I remember very vividly seeing my mom run down the stairs in this big auditorium with a grin from ear to ear the year before as I placed in my High School Beauty and Beau, and that is all I thought about while I waited for them to announce the top 25 finalist of the Miss Maroon and White Pageant 2009. As it got down to the final names, I decided it was time to head back to the dressing room and get out of my gown because there was no chance. Granted I was right and I didn't place, but something clicked inside of me. I began to tear up, and I refused to stay for the remainder of the pageant.
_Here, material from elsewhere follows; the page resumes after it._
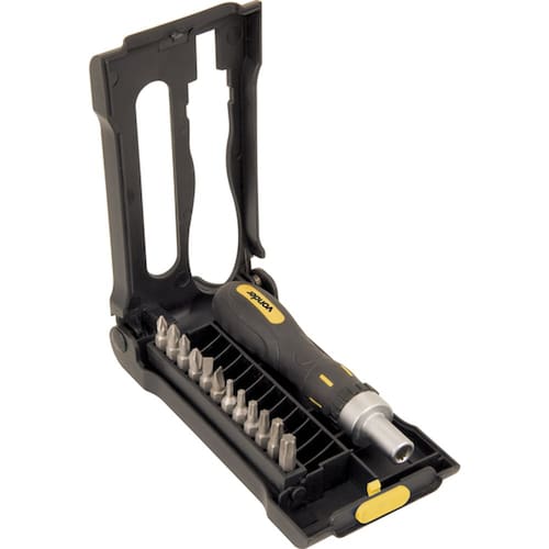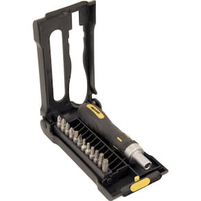 Conteúdo: 1 Jogo de bits/ponteiras, composto por um estojo plástico com 13 peças, sendo: 2 pozidrive PZ1 e PZ2 , 2 phillips PH1 e PH2 , 2 fenda 4,5 mm e 5,5 mm , 6 torx T10, T15, T20, T25, T30 e T40 e 1 cabo adaptador emborrachado com catraca Ean: 7893946135799
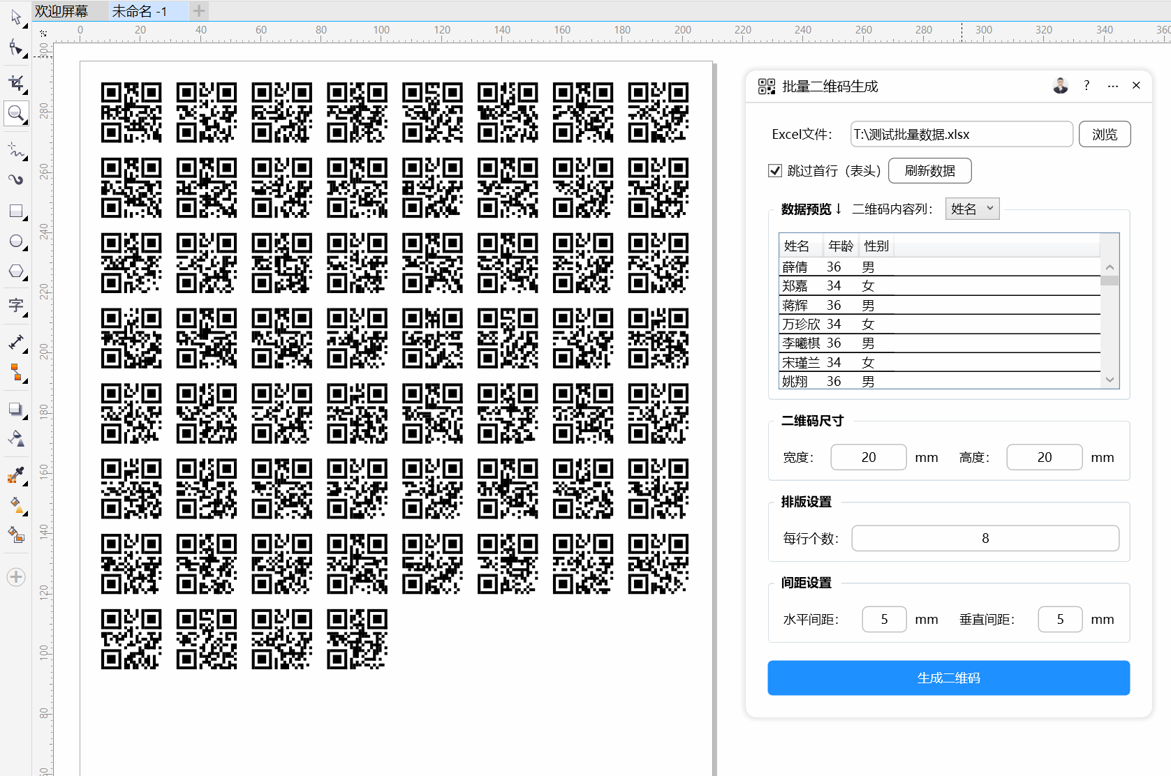 批量二维码可用来根据EXCEL数据批量生成创建矢量二维码,并在页面上自动排版。

I vowed right then and there that I was NEVER competing in another Pageant AGAIN! If you guessed that I "told a fib" (just for my mother) than you would be correct. This past year I decided that I wanted to give Miss Maroon and White another go, but I was going to do it ALL THE WAY OUT of my little constrained box. This time I was going to actually tell people I was in it and I was going to practice for my interview and "TRY" to get into shape. . .you know all the bells and whistles that most pageant girls do anyway. And that I did, I got three ads instead of one and tons of friend and family support. I was livid, but I was still in my old ways . . . I didn't want to get my hopes up at all. All I wanted was to make it to the top 25 finalist, and I did! Then the top 15 . . .then one of the 4 BEAUTIES!!! I was backstage having a field day every time I heard my name called! I couldn't believe this was happening with so many very gorgeous girls competing. I came to the conclusion that it was the fact that not only did I have fun with it (meeting and talking to all the girls, being excited about people knowing & just plain enjoying the stage), but I was being a better ME! I didn't know myself that well freshman year to compete but this time I knew exactly who I wanted the judges to see and they saw it. :) I am on a mental HIGH and I am loving every second of it.